Kelly Hunter Shares an Exclusive Deleted Scene from Casey!

Congratulations to Jenny S! You are the winner of the Tule newsletter giveaway. Please PM info@thetulegroup.com to claim your prize. 

1. Describe your hero, Casey, in three words.

Determined (stubborn), physical (sensual), protective (always).

2. What kind of research went into writing this story? What was the most interesting information that you discovered about the sport or the circuit?
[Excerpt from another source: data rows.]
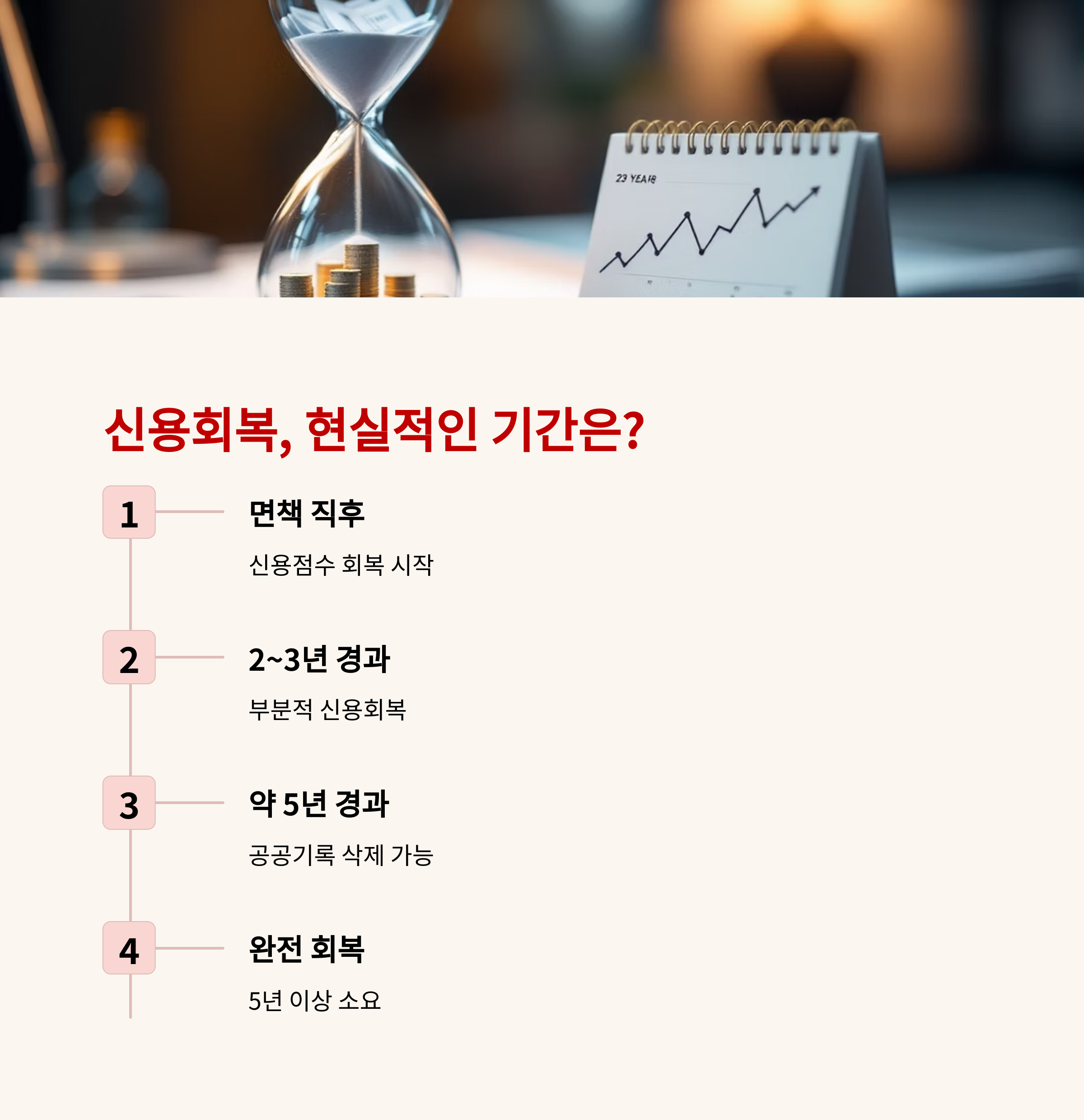 본격적인 신용회복 2년~5년 신용점수 점진적 상승, 금융거래 폭 확대, 기록 삭제 시점 도래
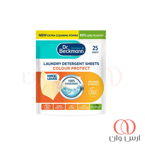 ورقههای شوینده لباس دکتر بکمن مخصوص لباسهای رنگی رایحه پرتقال و هلو بسته 25 عددی
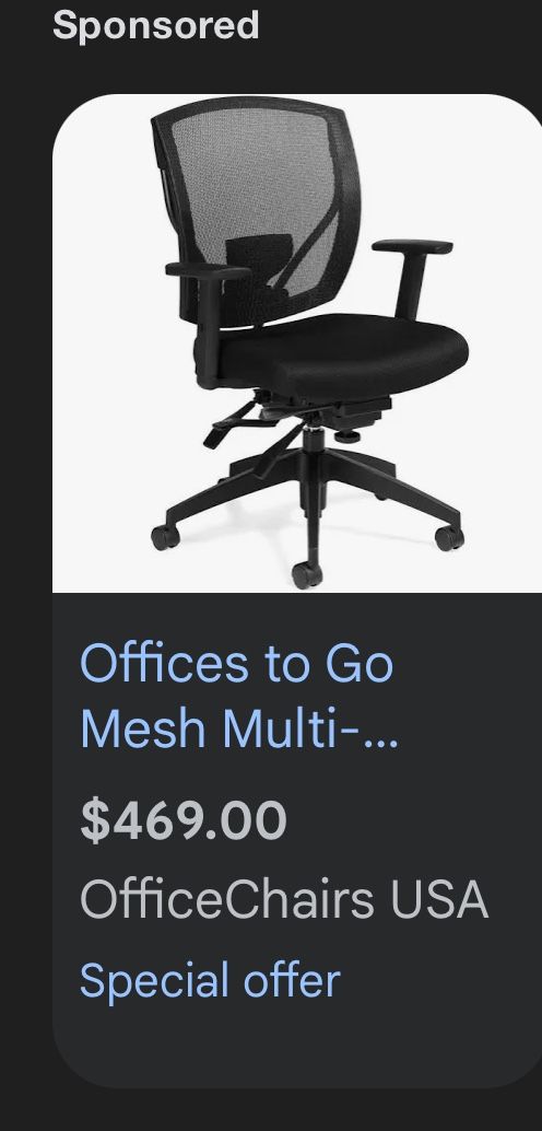 Pneumatic seat height adjustment Height adjustable arms Adjustable lumbar support Infinite seat lock with tilt tension adjustment Back angle adjustment Forward tilt control Twin wheel carpet casters Soft casters (OTG10701) are available Seat Height 17.5” - 22.5” Seat Depth 18.5” Back Height 19.5” Arm Height 8” - 11.5”
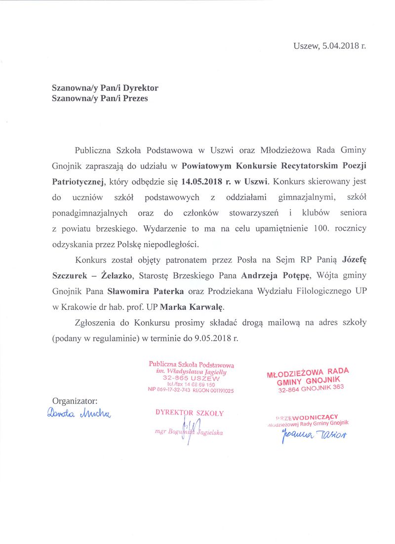 Powiatowy konkurs recytatorski poezji patriotycznej

In the name of research and integrity I crossed the Pacific on the back of a turtle, landed in Seattle, went to Montana, home of my hero, caught up with other authors writing for the American Extreme Bull Riders Tour, and ended up in Deadwood South Dakota when the PBR was in town.


What I learned:

  • The American Anthem is hard to sing. You start from B flat and you need a range of an octave and a half to get the F in ‘free’. Kudos to those who can. All hail Whitney and Beyonce.
  • Bull riders are young … (alt version: I might be getting old)
  • And short (alt version: I’m getting taller with age and I was tall to begin with).
  • This is a Colosseum sport. Those eight seconds are brutal.
  • Those bulls are athletes and competitors and they’re treated very well. Says the former Aussie farm girl…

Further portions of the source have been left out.